TRY IT
Beginning with the line containing "the opposite side." and ending with the line containing "围绕高层次国际商务人才培养,学院党委副书", write out each line of the records below exactly; pictures and lines outside that range are left out.

*** EXCERPTED RECORDS ***

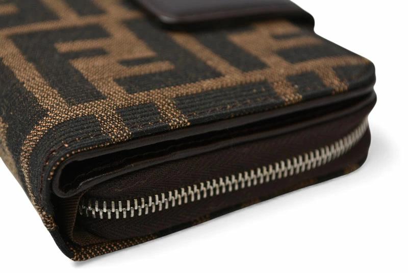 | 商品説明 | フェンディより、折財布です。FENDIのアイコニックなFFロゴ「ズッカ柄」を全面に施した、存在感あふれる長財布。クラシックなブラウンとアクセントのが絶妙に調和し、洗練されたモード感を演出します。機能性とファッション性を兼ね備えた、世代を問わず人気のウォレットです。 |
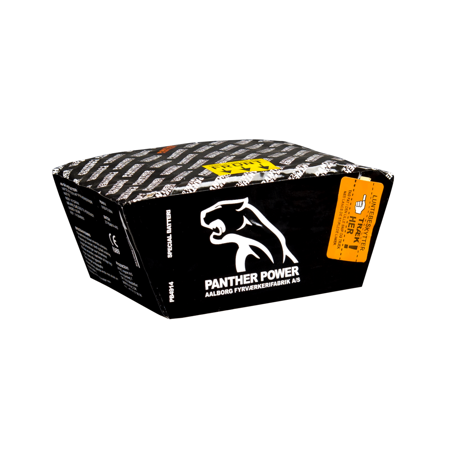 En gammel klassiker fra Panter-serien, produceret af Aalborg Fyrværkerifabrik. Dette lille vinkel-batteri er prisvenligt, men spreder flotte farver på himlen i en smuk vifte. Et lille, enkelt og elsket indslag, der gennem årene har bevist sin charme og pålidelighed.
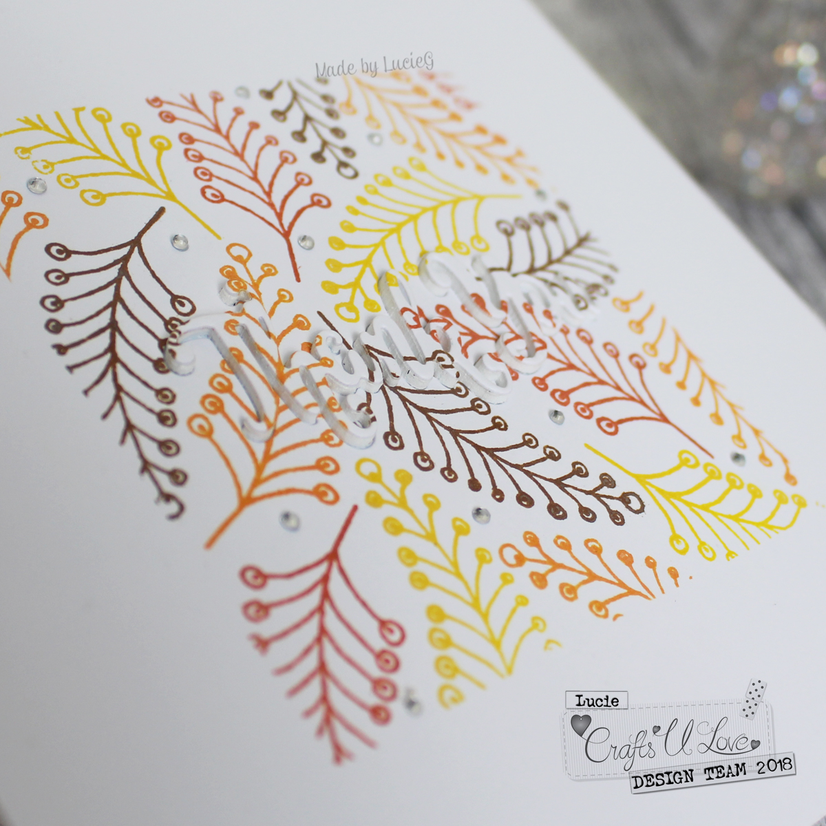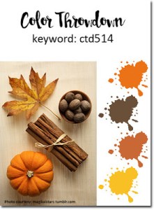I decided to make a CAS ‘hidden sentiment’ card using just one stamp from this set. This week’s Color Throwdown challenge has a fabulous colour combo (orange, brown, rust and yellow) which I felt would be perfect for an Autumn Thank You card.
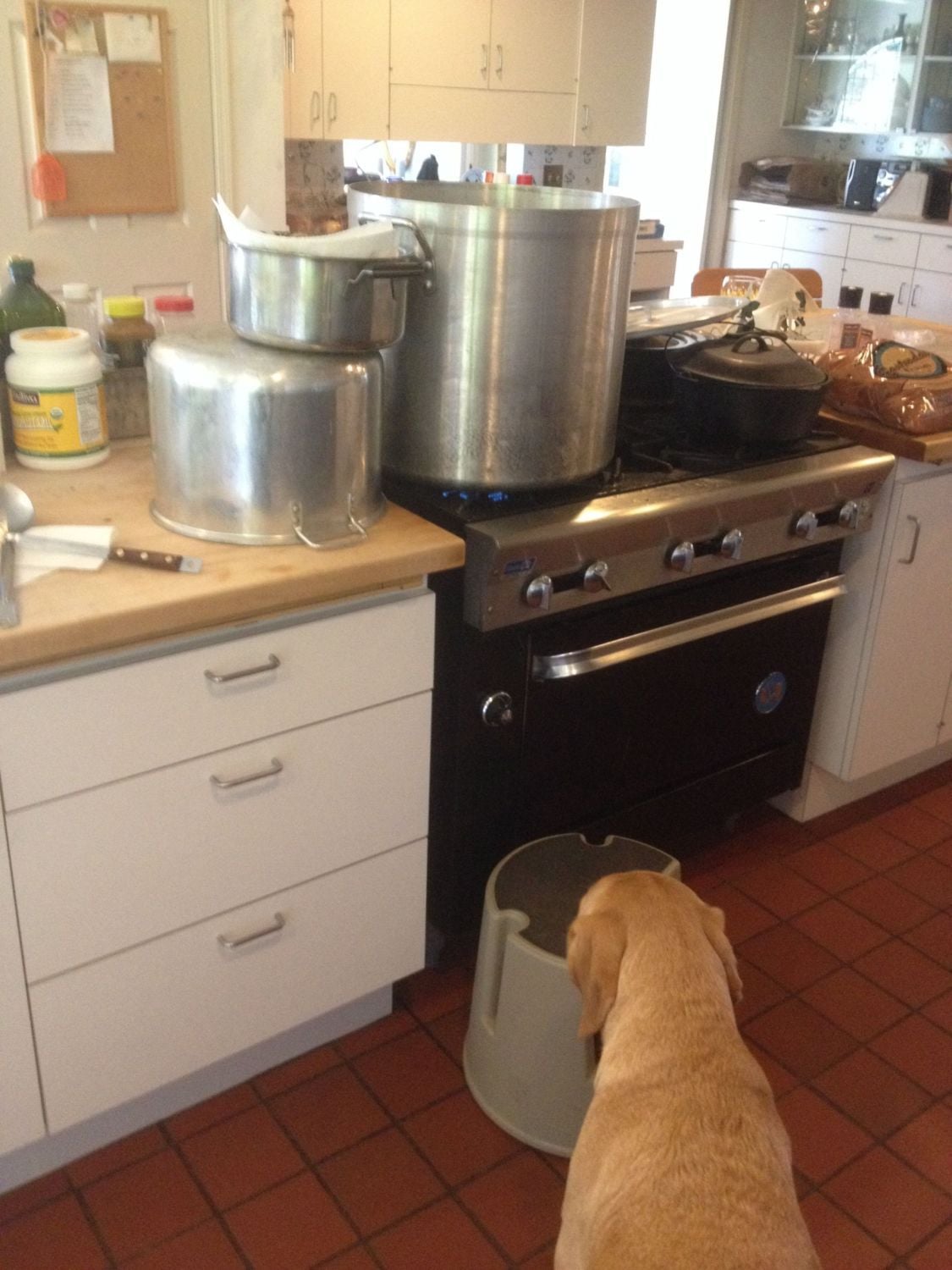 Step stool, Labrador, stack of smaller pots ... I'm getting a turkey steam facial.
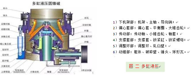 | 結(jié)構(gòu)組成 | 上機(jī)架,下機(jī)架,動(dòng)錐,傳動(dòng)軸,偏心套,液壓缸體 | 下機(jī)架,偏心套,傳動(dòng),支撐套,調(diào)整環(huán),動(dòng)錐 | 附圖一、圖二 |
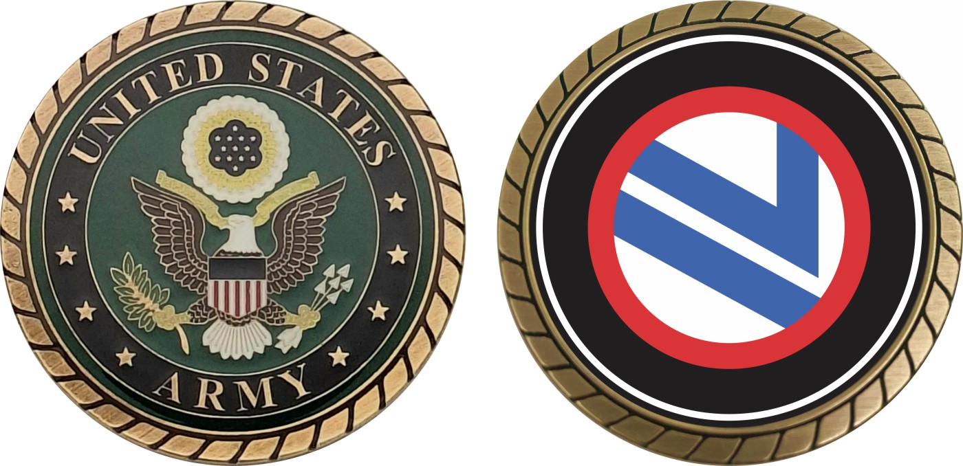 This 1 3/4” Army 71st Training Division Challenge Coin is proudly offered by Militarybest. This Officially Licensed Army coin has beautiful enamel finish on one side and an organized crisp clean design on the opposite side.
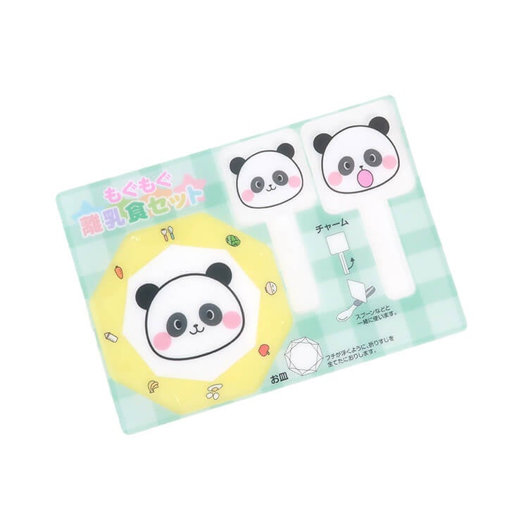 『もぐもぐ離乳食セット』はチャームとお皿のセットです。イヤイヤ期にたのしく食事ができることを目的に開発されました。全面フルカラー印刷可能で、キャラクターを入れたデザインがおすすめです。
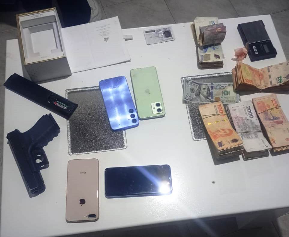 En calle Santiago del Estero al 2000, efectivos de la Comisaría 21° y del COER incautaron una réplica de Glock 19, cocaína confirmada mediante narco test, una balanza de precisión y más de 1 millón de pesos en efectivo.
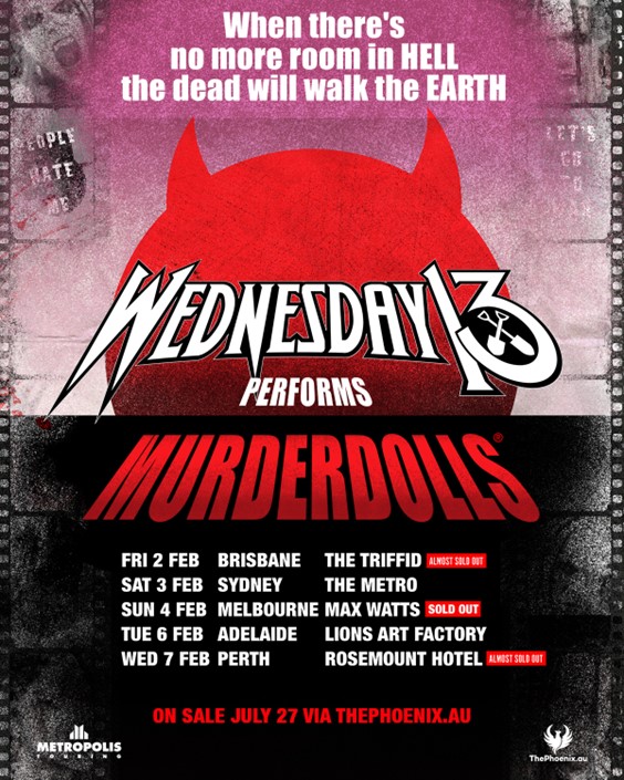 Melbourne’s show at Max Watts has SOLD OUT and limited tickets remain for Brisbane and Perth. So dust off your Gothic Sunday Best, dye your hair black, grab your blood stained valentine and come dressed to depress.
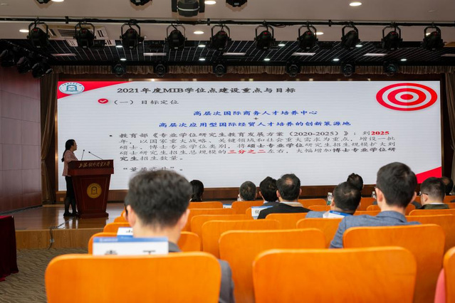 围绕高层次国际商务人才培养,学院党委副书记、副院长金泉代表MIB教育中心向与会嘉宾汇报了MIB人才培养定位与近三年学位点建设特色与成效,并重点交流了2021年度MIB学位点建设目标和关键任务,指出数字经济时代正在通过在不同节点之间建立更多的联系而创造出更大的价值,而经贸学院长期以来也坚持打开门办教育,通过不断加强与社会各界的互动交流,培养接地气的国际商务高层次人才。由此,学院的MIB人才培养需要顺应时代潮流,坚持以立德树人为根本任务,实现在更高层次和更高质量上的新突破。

*** End of EXCERPTED RECORDS ***
*** EXCERPTED RECORDS ***

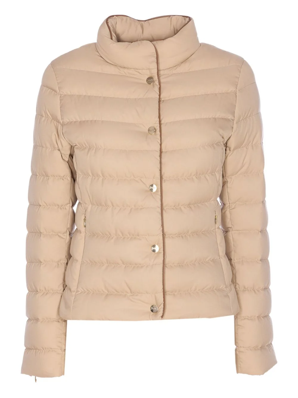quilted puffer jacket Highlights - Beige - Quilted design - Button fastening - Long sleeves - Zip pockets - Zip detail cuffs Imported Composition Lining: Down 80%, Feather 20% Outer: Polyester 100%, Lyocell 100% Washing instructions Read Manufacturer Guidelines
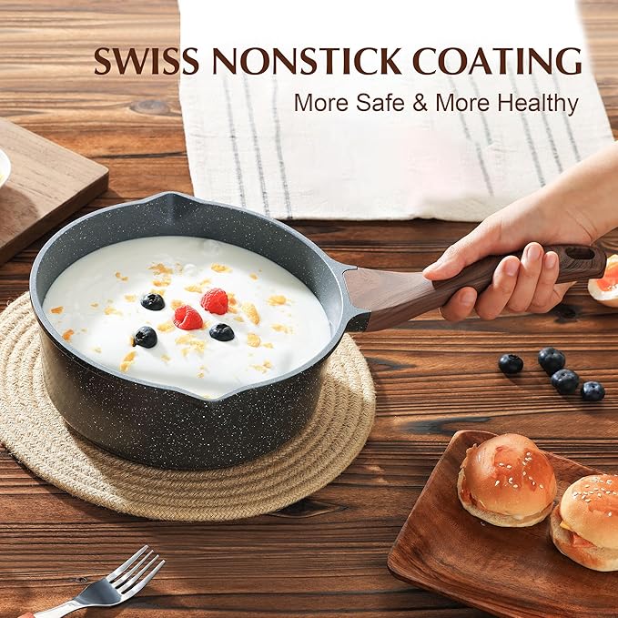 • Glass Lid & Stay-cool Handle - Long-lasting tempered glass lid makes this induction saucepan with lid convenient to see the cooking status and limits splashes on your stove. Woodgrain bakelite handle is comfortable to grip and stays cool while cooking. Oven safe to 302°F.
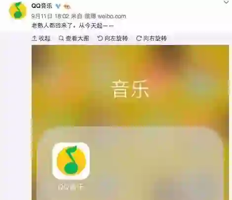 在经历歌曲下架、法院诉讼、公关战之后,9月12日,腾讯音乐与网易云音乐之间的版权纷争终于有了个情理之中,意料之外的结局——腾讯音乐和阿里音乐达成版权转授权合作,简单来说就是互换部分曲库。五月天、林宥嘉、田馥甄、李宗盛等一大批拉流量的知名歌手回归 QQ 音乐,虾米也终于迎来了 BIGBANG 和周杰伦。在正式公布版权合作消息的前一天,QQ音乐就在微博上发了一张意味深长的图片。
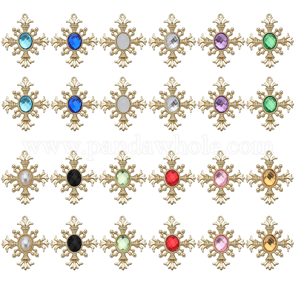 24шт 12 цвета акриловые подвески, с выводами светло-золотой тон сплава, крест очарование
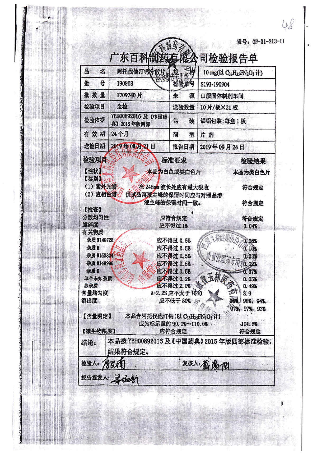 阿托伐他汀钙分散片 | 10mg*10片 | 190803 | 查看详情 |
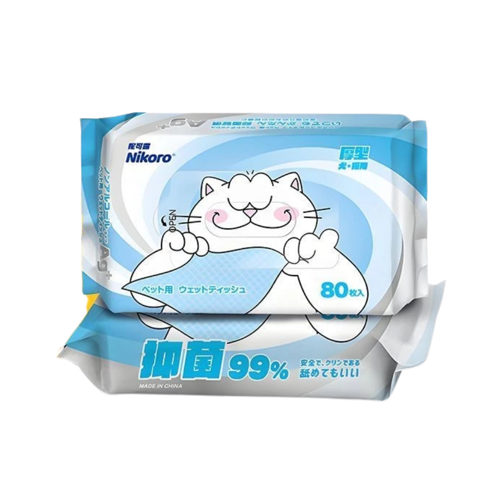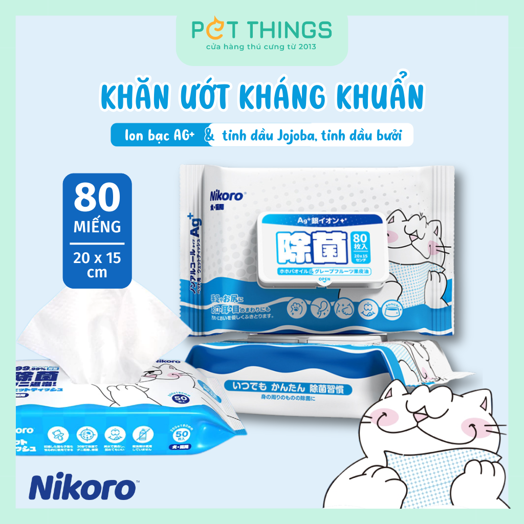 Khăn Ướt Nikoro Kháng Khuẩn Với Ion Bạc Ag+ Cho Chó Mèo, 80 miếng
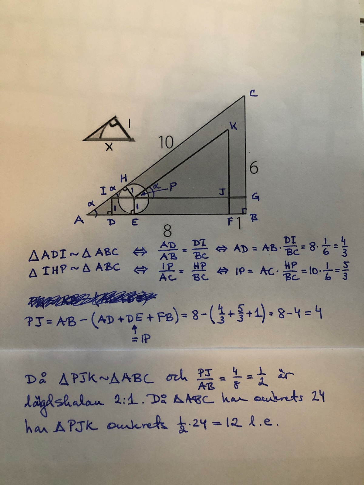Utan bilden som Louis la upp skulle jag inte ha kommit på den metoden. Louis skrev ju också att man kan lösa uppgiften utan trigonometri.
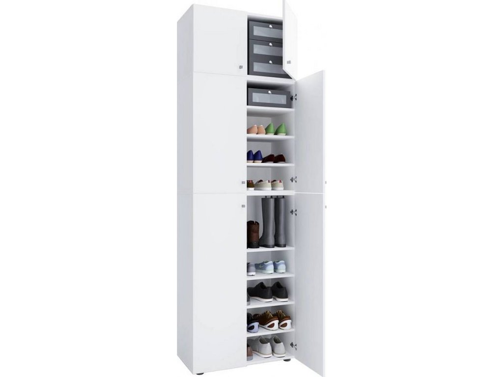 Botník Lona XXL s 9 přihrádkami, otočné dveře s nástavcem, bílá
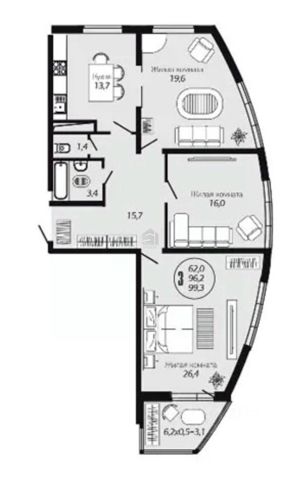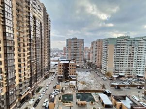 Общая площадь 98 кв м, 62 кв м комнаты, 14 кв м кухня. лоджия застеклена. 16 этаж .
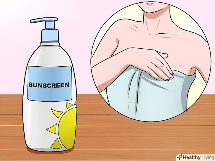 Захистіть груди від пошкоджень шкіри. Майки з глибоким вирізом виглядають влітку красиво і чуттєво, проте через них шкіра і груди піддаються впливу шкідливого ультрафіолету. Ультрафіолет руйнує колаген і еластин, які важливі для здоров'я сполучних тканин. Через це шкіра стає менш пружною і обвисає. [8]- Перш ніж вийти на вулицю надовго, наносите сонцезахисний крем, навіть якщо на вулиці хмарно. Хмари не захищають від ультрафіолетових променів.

*** End of EXCERPTED RECORDS ***

ANSWER TO THE EXERCISE
 This 1 3/4” Army 71st Training Division Challenge Coin is proudly offered by Militarybest. This Officially Licensed Army coin has beautiful enamel finish on one side and an organized crisp clean design on the opposite side.
 『もぐもぐ離乳食セット』はチャームとお皿のセットです。イヤイヤ期にたのしく食事ができることを目的に開発されました。全面フルカラー印刷可能で、キャラクターを入れたデザインがおすすめです。
 En calle Santiago del Estero al 2000, efectivos de la Comisaría 21° y del COER incautaron una réplica de Glock 19, cocaína confirmada mediante narco test, una balanza de precisión y más de 1 millón de pesos en efectivo.
 Melbourne’s show at Max Watts has SOLD OUT and limited tickets remain for Brisbane and Perth. So dust off your Gothic Sunday Best, dye your hair black, grab your blood stained valentine and come dressed to depress.
 围绕高层次国际商务人才培养,学院党委副书记、副院长金泉代表MIB教育中心向与会嘉宾汇报了MIB人才培养定位与近三年学位点建设特色与成效,并重点交流了2021年度MIB学位点建设目标和关键任务,指出数字经济时代正在通过在不同节点之间建立更多的联系而创造出更大的价值,而经贸学院长期以来也坚持打开门办教育,通过不断加强与社会各界的互动交流,培养接地气的国际商务高层次人才。由此,学院的MIB人才培养需要顺应时代潮流,坚持以立德树人为根本任务,实现在更高层次和更高质量上的新突破。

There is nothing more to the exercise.